Polacy coraz częściej decydują się na zaciągnięcie kredytów, także tych gotówkowych, z długim okresem spłaty. Liczy się przy tym zazwyczaj na odpowiednio niską wysokość raty, a przez to wygodną spłatę. Co jeśli natomiast osoba, która wzięła na siebie to zobowiązanie nagle umiera? Czy jego spadkobiercy muszą spłacić zaciągnięty kredyt czy raczej nie jest to ich problem?

Odpowiedź na to pytanie nie jest wcale tak jednoznaczna jakby się mogło wydawać. Wszystko zależy od pewnych czynników. Spadkobiercy zmarłego powinni najpierw sprawdzić, czy do zaciągniętego kredytu została wykupiona dodatkowa polisa ubezpieczenia na życie, scedowana na bank. Jeżeli tak się stało, to sytuacja staje się prosta. Po śmierci kredytobiorcy pieniądze z polisy wędrują do kredytodawcy. Spłata kredytu tym samy jest już zbyteczna. Czasami instytucje kredytowe wręcz wymagają od swoich klientów takiego ubezpieczenia przy zaciągnięciu długoterminowych zobowiązań. Dotyczy to np. osób starszych, samotnych lub osób otrzymujących zgodę wieloletni i duży kredyt hipoteczny.

Inaczej ta sprawa ta się przedstawia, gdy kredyt nie miał ubezpieczenia. Wielu klientów rezygnuje z wykupienia polisy, gdyż jej koszt często zawyża wysokość comiesięcznej raty. Rezygnacja z tego produktu może jednak generować problemy dla spadkobierców zmarłego kredytobiorcy. Bank może wymagać od nich spłaty udzielonego zmarłemu dofinansowania, a w skrajnych przypadkach wyegzekwować dług z majątku spadkobiercy bądź rzeczy, która stanowiła zabezpieczenie kredytu np. dom lub mieszkanie zmarłego.
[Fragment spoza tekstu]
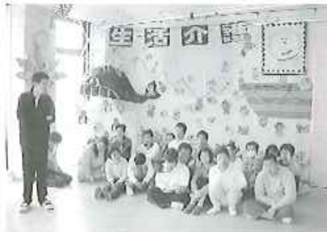
▲力を合わせて頑張ったぞー!

「キレイ!」「僕これやる!」そんなみんなの声が聞こえてくるのは、記念祭の準備活動。フラスチックにマシックで色を塗ったり、鉛筆立てに皮をボンドで貼ったりして作っているのは、バザーで売るための作品です。時には、思ったような作品が作れずに、「記念祭に間に合うのかなあ?」なんて、不安な言葉も聞こえてきました。1年の中でも、とても忙しい時期で慌ただしいですが、この記事が読まれる頃には、みんなの笑顔でいっぱいだと思います。

Można jednak tych przykrych konsekwencji uniknąć. Wystarczy w przeciągu 6 miesięcy od śmierci kredytobiorcy oświadczyć przed notariuszem lub w sądzie, że przyjmujemy spadek „wprost”, „z dobrodziejstwem inwentarza” lub go odrzucamy. W pierwszym przypadku wiąże się to z odpowiedzialnością za długi zmarłego całym swoim majątkiem. W drugim wariancie odpowiadamy za długi jedynie do wysokości spadku. Ta opcja obowiązuje także w wypadku jeżeli nie złożymy żadnego oświadczenia. Jeszcze kilka lat temu z urzędu obowiązywała wersja „wprost” przyjęcia spadku, co przynosiło wielu spadkobiercom sporo kłopotów, gdyż niejednokrotnie nie mieli oni świadomości o konieczności złożenia stosownej deklaracji. Warto jednak zaznaczyć, że przyjęcie „z dobrodziejstwem inwentarza” może wiązać ze spisaniem i oszacowaniem przez komornika sądowego przejętego majątku. Ostatnią alternatywą jest odrzucenie spadku. Jeżeli zmarły nie pozostawił po sobie niczego cennego, tylko długi, to można śmiało złożyć odpowiednie oświadczenie, że nic takiego spadku nie chcemy.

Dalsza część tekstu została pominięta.